## MATERIAL PROVIDED
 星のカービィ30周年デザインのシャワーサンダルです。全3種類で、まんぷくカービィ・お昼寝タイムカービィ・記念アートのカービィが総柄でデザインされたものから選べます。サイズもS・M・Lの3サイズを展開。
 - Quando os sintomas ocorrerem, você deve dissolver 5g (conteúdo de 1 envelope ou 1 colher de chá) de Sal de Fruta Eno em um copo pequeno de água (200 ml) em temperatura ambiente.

---

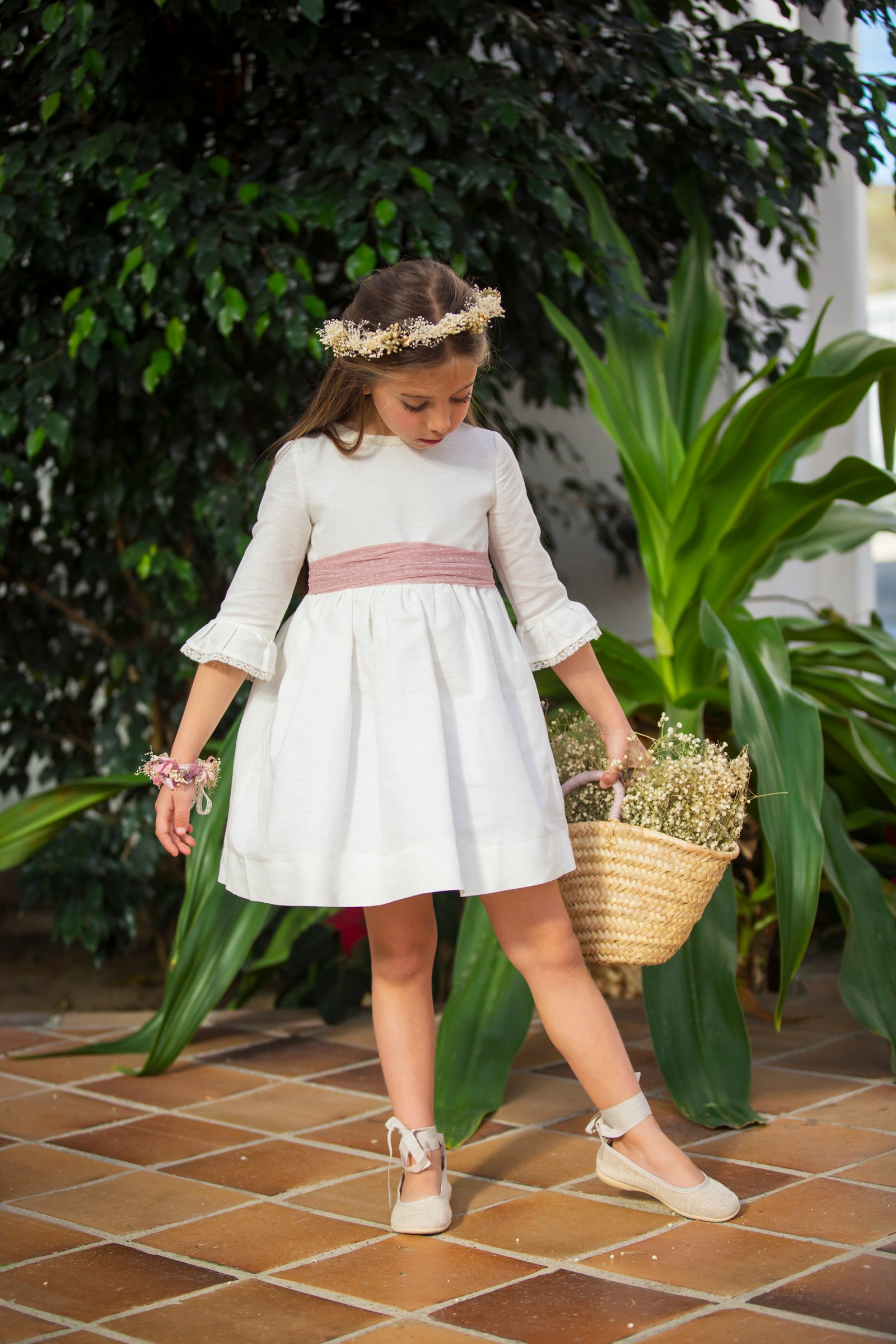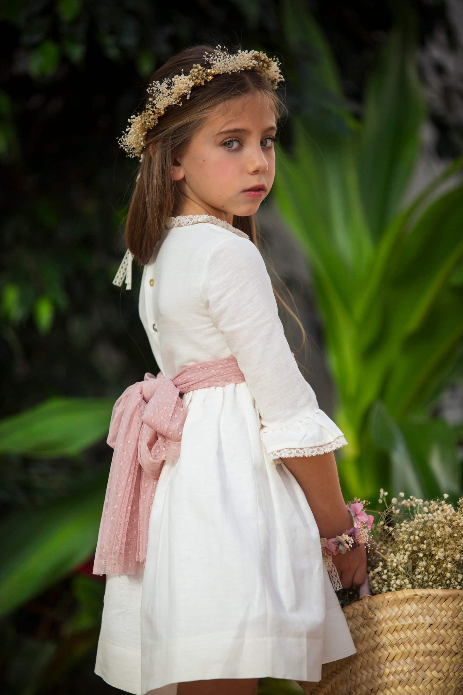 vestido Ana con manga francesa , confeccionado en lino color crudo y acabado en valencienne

## TASK
Retype only the lines above between the line with "星のカービィ30周年デザイン" and the line with "- Quando os", counting those two lines as well, and keep every character as it is.

## RESPONSE BOX
 星のカービィ30周年デザインのシャワーサンダルです。全3種類で、まんぷくカービィ・お昼寝タイムカービィ・記念アートのカービィが総柄でデザインされたものから選べます。サイズもS・M・Lの3サイズを展開。
 - Quando os sintomas ocorrerem, você deve dissolver 5g (conteúdo de 1 envelope ou 1 colher de chá) de Sal de Fruta Eno em um copo pequeno de água (200 ml) em temperatura ambiente.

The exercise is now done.